Unnamed: 0,survived,pclass,age,sibsp,parch,fare
count,889.0,889.0,889.0,889.0,889.0,889.0
mean,0.382452,2.311586,29.315152,0.524184,0.382452,32.096681
std,0.48626,0.8347,12.984932,1.103705,0.806761,49.697504
min,0.0,1.0,0.42,0.0,0.0,0.0
25%,0.0,2.0,22.0,0.0,0.0,7.8958
50%,0.0,3.0,28.0,0.0,0.0,14.4542
75%,1.0,3.0,35.0,1.0,0.0,31.0
max,1.0,3.0,80.0,8.0,6.0,512.3292


In [12]:
# Descriptive statistics for categorical columns
titanic.describe(include=['O'])

Unnamed: 0,sex,embarked,who,embark_town,alive
count,889,889,889,889,889
unique,2,3,3,3,2
top,male,S,man,Southampton,no
freq,577,644,537,644,549


## 5. Data Visualisation

Now, let's create some visualisations. First, we'll look at the distribution of survivors based on different features.

In [None]:
# Bar plots for categorical features
for col in ['sex', 'pclass', 'embarked', 'alone']:
    pd.crosstab(titanic[col], titanic['survived']).plot(kind='bar')
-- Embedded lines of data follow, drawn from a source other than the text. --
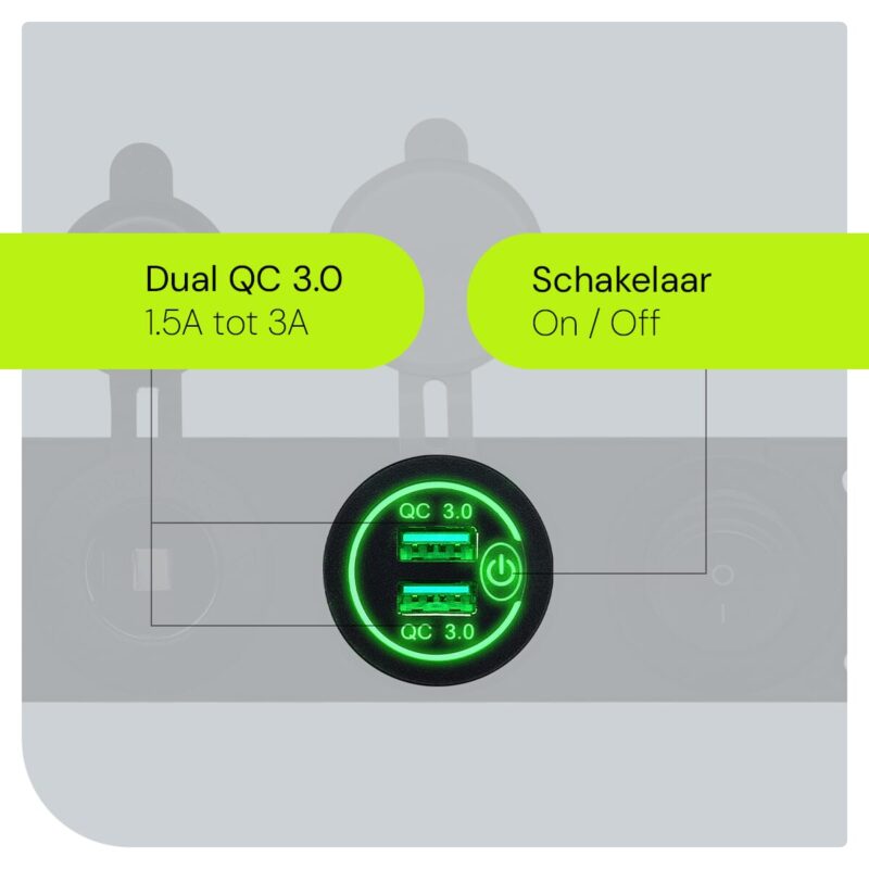 Upgrade je voertuig met het ProRide® 12V USB Stopcontact, ideaal voor auto’s, vrachtwagens, boten, caravans en campers. Dit moderne stopcontact is uitgerust met twee USB-laadpunten met Quick Charge 3.0 technologie, een handige schakelaar en een 12V/24V sigaretten stopcontact voor snelle en efficiënte energievoorziening.
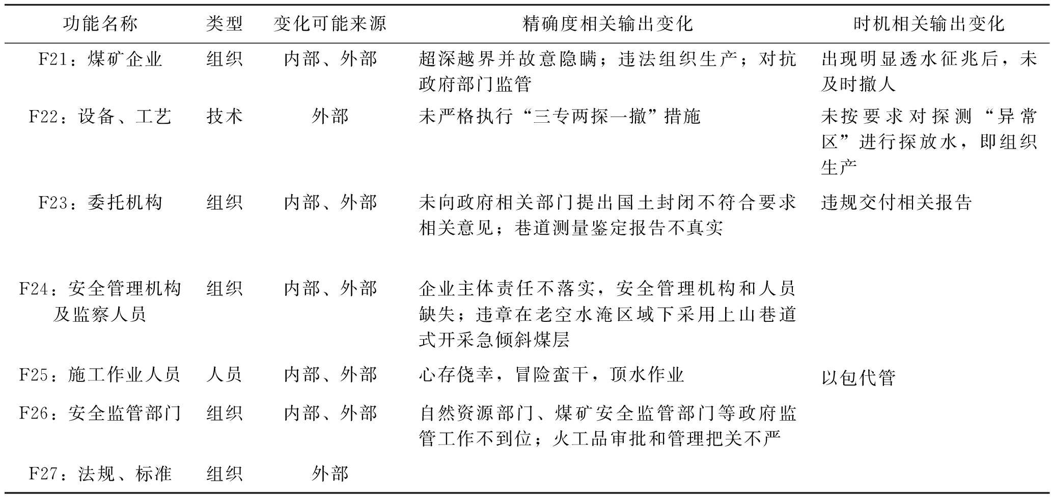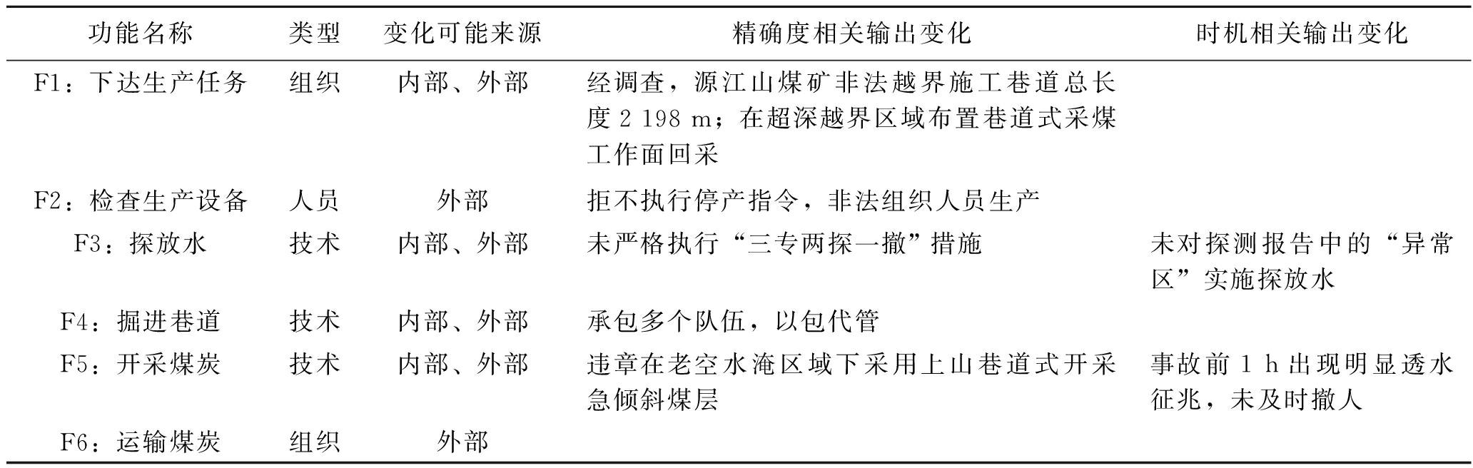 图1 生产系统S1功能模型 3.2 识别耦合变化,确定功能共振为了从技术上对煤矿水害事故进行功能共振分析,本文以源江山煤矿透水事故为例,采用功能共振模型对于系统中各项功能的实际功能类型、功能发生变化的内外部来源、精确度相关输出变化、时机相关输出变化等4项指标进行综合评估,得出事故系统中功能输出的变化性,为更具体表现功能发生的实际变化,对于精确度及时机变化指标采用更详细的叙述,参考事故调查报告内容对事故中实际发生的变化进行提炼总结。源江山煤矿事故的功能输出变化见表1。 表1 源江山煤矿事故S1系统功能输出变化
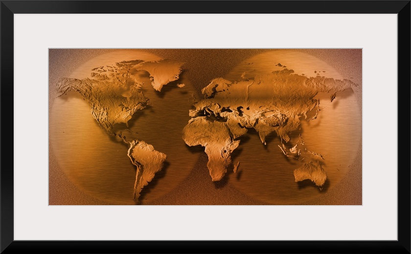 <p>This panoramic piece shows a 3D map of the world in sepia tone.</p>
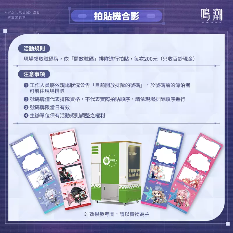 ※星炬拍貼機活動規則:現場領取號碼牌,依現場工作人員引導排隊進行拍貼,每次200元(只收百鈔現金)。具體活動安排依現場工作人員說明為主。
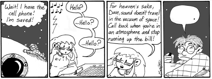 (The marvellous thing about this strip is that it seems like it’s playing a fairly standard “Sound in Space” subverted-trope punch-line, until you get to the end of the speech balloon and instantly realise that Helen’s entire reaction is completely ludicrous.)
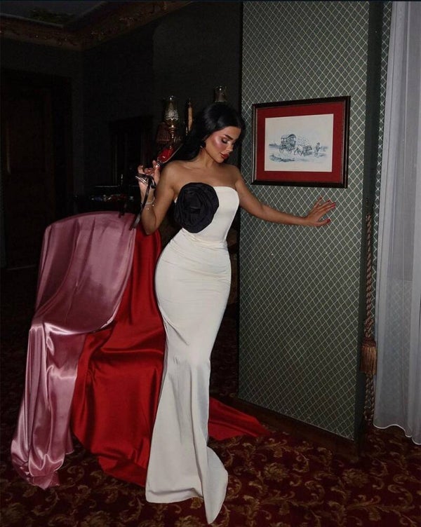 Ky fustan i gjatë elegant vjen në një nuancë të bardhë krem dhe dizajn pa rripa (strapless), duke nxjerrë në pah shpatullat me finesë. Prerja e ngushtë ndjek linjat e trupit dhe hapet butësisht në fund në stil sirene, duke krijuar një siluetë mahnitëse. Detaji i trëndafilit të zi në pjesën e gjoksit sjell kontrast luksoz dhe e bën këtë fustan një zgjedhje perfekte për mbrëmje speciale, dasma apo evente ku eleganca është thelbi

Then, we can examine the age distribution of survivors and non-survivors.

In [None]:
# Age distribution of survivors vs non-survivors
g = sns.FacetGrid(titanic, col='survived')
g.map(plt.hist, 'age', bins=20)

Let's now create a box plot for the age and fare features:

In [None]:
# Box plots for 'age' and 'fare'
for col in ['age', 'fare']:
    titanic.boxplot(column=col)
    plt.show()


We can also study the correlations between different features:

In [None]:
# Correlation matrix heatmap
corr_matrix = titanic.corr()
sns.heatmap(corr_matrix, annot=True)


In [None]:
Finally, we can perform a Chi-Square test to understand the association between categorical variables:

In [None]:
# Chi-Square test of independence between 'survived' and 'sex'
contingency_table = pd.crosstab(titanic['survived'], titanic['sex'])
chi2, p, dof, expected = chi2_contingency(contingency_table)
p

Now, let's visualize some relationships in the data.

In [None]:
# Create a bar plot of survival rate by Sex
sns.barplot(x='sex', y='survived', data=titanic)
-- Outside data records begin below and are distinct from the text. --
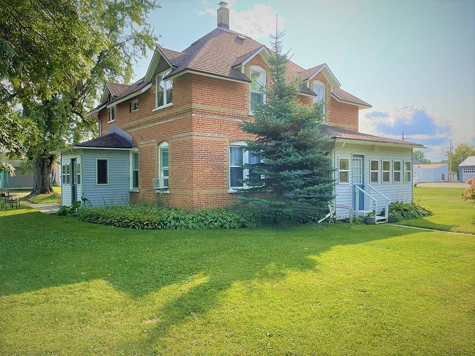 RARE historic 1903 Danish brick 3/2 home w/stained glass. 2-story barn/2-car garage & above-ground root cellar built by the first barber in Suring. UPDATED kitchen/bath w/jacuzzi. 2 enclosed porches.Wood/pellet stove.Easy care flooring. UPPER level: bonus room+laundry room/kitchen?, 2 large BR +1BA, large landing w/ private entrance. Replace one door/appliances for a 2-family dwelling or AirBnB + space above garage. Parking for 5. On ATV/snowmobile trail.
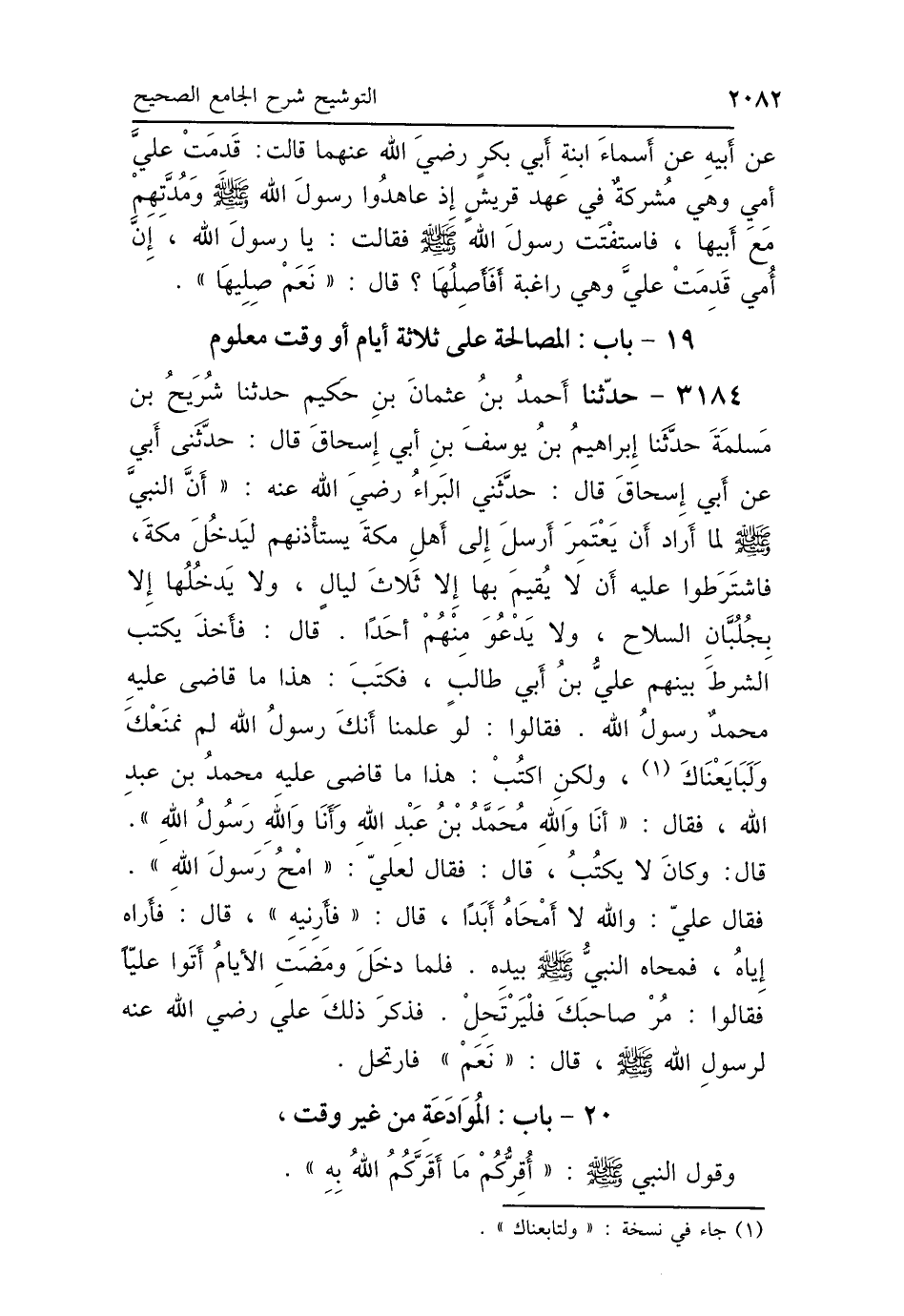 3184 - حَدَّثَنَا أَحْمَدُ بْنُ عُثْمَانَ بْنِ حَكِيمٍ، حَدَّثَنَا شُرَيْحُ بْنُ مَسْلَمَةَ، حَدَّثَنَا إِبْرَاهِيمُ بْنُ يُوسُفَ بْنِ أَبِي إِسْحَاقَ، قَالَ: حَدَّثَنِي أَبِي، عَنْ أَبِي إِسْحَاقَ، قَالَ: حَدَّثَنِي البَرَاءُ رَضِيَ اللَّهُ عَنْهُ: أَنَّ النَّبِيَّ صَلَّى اللهُ عَلَيْهِ وَسَلَّمَ لَمَّا أَرَادَ أَنْ يَعْتَمِرَ أَرْسَلَ إِلَى أَهْلِ مَكَّةَ يَسْتَأْذِنُهُمْ لِيَدْخُلَ مَكَّةَ، فَاشْتَرَطُوا عَلَيْهِ أَنْ لاَ يُقِيمَ بِهَا إِلَّا ثَلاَثَ لَيَالٍ، وَلاَ يَدْخُلَهَا إِلَّا بِجُلُبَّانِ السِّلاَحِ، وَلاَ يَدْعُوَ مِنْهُمْ أَحَدًا، قَالَ: فَأَخَذَ يَكْتُبُ الشَّرْطَ بَيْنهُمْ عَلِيُّ بْنُ أَبِي طَالِبٍ فَكَتَبَ هَذَا مَا قَاضَى عَلَيْهِ مُحَمَّدٌ رَسُولُ اللَّهِ، فَقَالُوا: لَوْ عَلِمْنَا أَنَّكَ رَسُولُ اللَّهِ لَمْ نَمْنَعْكَ وَلَبَايَعْنَاكَ، وَلكِنِ اكْتُبْ هَذَا مَا قَاضَى عَلَيْهِ مُحَمَّدُ بْنُ عَبْدِ اللَّهِ، فَقَالَ: «أَنَا وَاللَّهِ مُحَمَّدُ بْنُ عَبْدِ اللَّهِ، وَأَنَا وَاللَّهِ رَسُولُ اللَّهِ» قَالَ: وَكَانَ لاَ يَكْتُبُ، قَالَ: فَقَالَ لِعَلِيٍّ: «امْحَ رَسُولَ اللَّهِ» فَقَالَ عَلِيٌّ: وَاللَّهِ لاَ أَمْحَاهُ أَبَدًا، قَالَ: «فَأَرِنِيهِ»، قَالَ: فَأَرَاهُ إِيَّاهُ فَمَحَاهُ النَّبِيُّ صَلَّى اللهُ عَلَيْهِ وَسَلَّمَ بِيَدِهِ، فَلَمَّا دَخَلَ وَمَضَتِ الأَيَّامُ، أَتَوْا عَلِيًّا، فَقَالُوا: مُرْ صَاحِبَكَ فَلْيَرْتَحِلْ، فَذَكَرَ ذَلِكَ عَلِيٌّ رَضِيَ اللَّهُ عَنْهُ لِرَسُولِ اللَّهِ صَلَّى اللهُ عَلَيْهِ وَسَلَّمَ، فَقَالَ: «نَعَمْ» ثُمَّ ارْتَحَلَ.
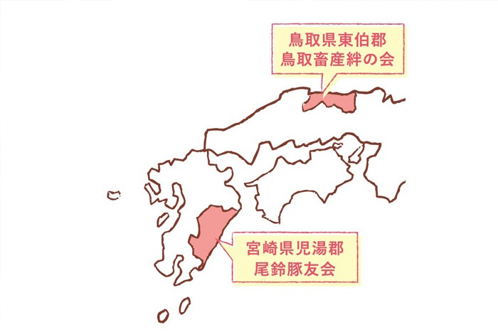 『産直豚のプレスハム』の原料は、宮崎県の「尾鈴豚友会」と鳥取県の「鳥取畜産絆の会」が育てたエフコープの産直豚です。
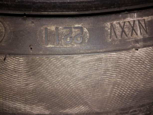 Состояние: хорошее (без порезов, шишек, неравномерного износа. На одной покрышке прокол (не боковой), отремонтирован качественной латкой, высота протектора 7 мм.) Одна шина с индексом нагрузки 94 (670 кг.), остальные - 91 (615 кг.)

# Create a histogram of Age grouped by survival
grid = sns.FacetGrid(titanic, col='survived')
grid.map(plt.hist, 'age')

Finally, you can explore the correlations between the different features.

In [None]:
# Plot a heatmap to visualize the correlations
sns.heatmap(titanic.corr(), annot=True, fmt=".2f")

This notebook is just a starting point. You can further explore relationships between other variables, conduct more advanced statistical analyses, and perhaps even build a basic predictive model.